The Role of Nigerian Youths in Driving Change
With over 70% of Nigeria’s population under 35, the youth demographic represents a powerful force for change. However, their potential has been stifled by systemic barriers, including unemployment, poor education, and political exclusion. To reset Nigeria’s trajectory, youths must take the following steps:
1. Voter Education and Participation:
• Youths must educate themselves on the electoral process and actively participate in elections. The #EndSARS protests of 2020 demonstrated their organizational capacity, which can be channeled into voter mobilization.
• Example: Ghana’s youth-led voter education campaigns in 2024 contributed to high turnout and credible elections.
2. Demanding Electoral Reforms:
• Youths should advocate for electoral reforms, including electronic voting and independent oversight of the Independent National Electoral Commission (INEC).
• Example: Rwanda’s use of technology in elections ensures transparency, a model Nigeria could adopt.
3. Holding Leaders Accountable:
• Through social media and civic organizations, youths can monitor government performance and expose corruption. Platforms like BudgIT and Tracka provide tools for tracking public spending.

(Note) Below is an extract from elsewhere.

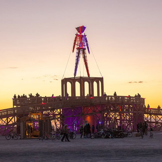 Then came Sunday: the Temple Burn. Completely opposite in energy, it was a moment of silence, reflection, and emotional gravity. As people left offerings, painted tributes, and notes inside, the temple became a sacred space for letting go. Watching it burn was heavy, almost reverent... the crackle of the fire accompanied by an overwhelming stillness. This wasn’t about spectacle or celebration. It was about rebirth, release, and honoring the cycles of life. Tears flowed freely, and for a moment, everyone around seemed suspended in collective reflection.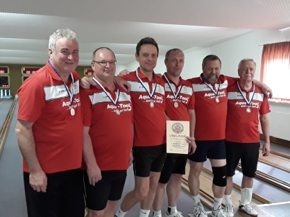 Am 24.03.2018 wurde auf der Kegelbahnanlage des KSV Treuenbrietzen der finale Wettkampf in der Aufstiegsrunde der Kreisliga der Herren ausgetragen. Neben den Gastgebern gingen hier die Mannschaften der SG Blau-Weiß Rädel, der Belziger SG Einheit und der SG Blau-Weiß Brielow an den Start. Schließlich ging es hier um die begehrte Trophäe des Kreismeistertitels, für welche nach dem bisherigen Tabellenstand beide Mannschaften der Flämingstädte Bad Belzig und Treuenbrietzen favorisiert waren. So gingen die Belziger mit einem Punkt Vorsprung vor den Treuenbrietzenern in das Rennen. Doch sollte dieser Vorsprung nicht darüber hinwegtäuschen, dass die Kreisstädter den Gesamtsieg nur erzielen können würden, ließen sie die heimische Mannschaft hinter sich. Doch bereits nach dem ersten Durchgang zeigten die Gastgeber, dass sie Willens waren, den so wichtigen Heimvorteil zu nutzen. Mit guten 860 Holz ließ der Treuenbrietzener Anschieber Matthias Grywnow die Konkurrenten hinter sich, welche sich auf der nicht einfach bespielbaren Kegelbahnanlage recht schwer taten. Da der Belziger Manfred Hoffmann hier nicht über 798 Holz hinauskam, mussten die Kreisstädter zunächst mit dem 4. Platz hinter der SG Blau-Weiß Rädel Vorlieb nehmen. Auch der ihm folgende Werner Latendorf konnte sich mit 822 Holz nicht an die Gegner herankegeln. Der KSV Treuenbrietzen hingegen baute seinen Vorsprung weiter aus. Mit 854 Holz musste sich Holger Grabow lediglich dem für Rädel spielenden Wolfgang Liehre geschlagen geben (858 Holz). Als Detlef Schwarz den dritten Durchgang mit guten 865 Holz für sich entschied, flammte für die Belziger zwar die Hoffnung auf, das Schlusslicht noch abgegeben zu können, aber ein Sieg schien schon nicht mehr möglich, zeigte doch der KSV-Spieler Michael Schulze mit 859 Holz eine solide Leistung und hielt die Konkurrenten weiter auf Abstand. Mit dem 4. Durchgang wurden die Weichen für den KSV Treuenbrietzen schließlich auf Sieg und Kreismeistertitel gestellt. Markus Grywnow zeigte als bester seines Teams mit 885 Holz eine gewohnt starke Leistung und konnte damit das beste Gesamtergebnis für sich verzeichnen. Der Rädeler Spieler patzte hier, was dem Belziger Frank Mattke mit 850 erkegelten Holz zu Gute kam und wodurch die SG Einheit Belzig endlich die Schlusslaterne abgeben konnte. Leider war es den Kreisstädtern nicht mehr vergönnt, auch noch die Brielower Mannschaft anzugreifen, da in den letzten beiden Durchgängen, insbesondere von den Brielowern, nochmals stark aufgespielt wurde. Wenngleich Detlef Freitag mit 866 Holz eine sehr gute Leistung zeigte und als Bester seines Teams hervorging, entschied der Brielower Torsten Richter den Durchgang mit starken 880 Holz für sich. Der für die Gastgeber spielenden Christian Sporn sicherte mit 861 Holz weiterhin die Führung für seine Mannschaft. Im letzten Durchgang ließ der KSV-Spieler Olf Kutzner mit guten 867 Holz nichts mehr anbrennen und machte den Sack endgültig zu. Sven Sonntag, der im letzten Durchgang für die Belziger startete, war es mit 847 Holz leider nicht mehr vergönnt, den Brielowern Platz 2 zu nehmen.

• Example: South Africa’s #FeesMustFall movement forced government concessions on education funding.
4. Running for Office:
• Young Nigerians must contest elections at all levels, challenging the dominance of older, entrenched politicians. The Not Too Young to Run Act (2018) lowered age limits for political office, creating opportunities.
• Example: In Mauritius, young leaders like Joanna Bérenger have risen to prominence in parliament.
5. Embracing Technology:
• Nigeria’s tech ecosystem, with startups like Flutterwave and Paystack, shows the potential of youth-led innovation. Youths must leverage technology for advocacy, entrepreneurship, and governance.
• Example: Rwanda’s tech hubs have empowered youths to drive economic growth.

Recommendations for Nigeria
1. Implement the Oronsaye Report:
• Merge or scrap redundant agencies to reduce governance costs and improve efficiency. This would free up resources for critical sectors like education and healthcare.
2. Strengthen Anti-Corruption Institutions:
• Grant full autonomy to the EFCC and ICPC, and ensure prosecution of high-profile cases without political interference.
3. Electoral Reforms:
• Introduce electronic voting and real-time result transmission to enhance transparency. Strengthen INEC’s independence to prevent manipulation.
4. Economic Diversification:
• Revive agriculture through subsidies and mechanization, and invest in manufacturing and tech to create jobs and reduce oil dependency.
5. Infrastructure Development:
• Partner with private investors to improve power, transport, and digital infrastructure. Adopt South Africa’s public-private partnership model for energy projects.
6. Youth Empowerment:
• Expand access to quality education and vocational training. Create platforms for youth participation in governance, similar to Rwanda’s YouthConnekt.
7. Judicial Independence:
• Insulate the judiciary from political influence through transparent appointment processes and adequate funding.

Conclusion
Nigeria’s failure to achieve its developmental potential since independence is a story of missed opportunities, rooted in leadership failures, corruption, and systemic inefficiencies. In contrast, countries like Rwanda, Ghana, Mauritius, Seychelles, South Africa, Singapore, Malaysia, South Korea, the UAE, and Vietnam have demonstrated that good governance—characterized by visionary leadership, anti-corruption measures, and inclusive policies—can transform nations within decades. Nigeria’s youths, with their demographic advantage, hold the key to resetting the country’s trajectory. By demanding credible elections, holding leaders accountable, and actively participating in governance, they can ensure that Nigeria fulfills its promise as the true “Giant of Africa.” The time for change is now—Enough is Enough.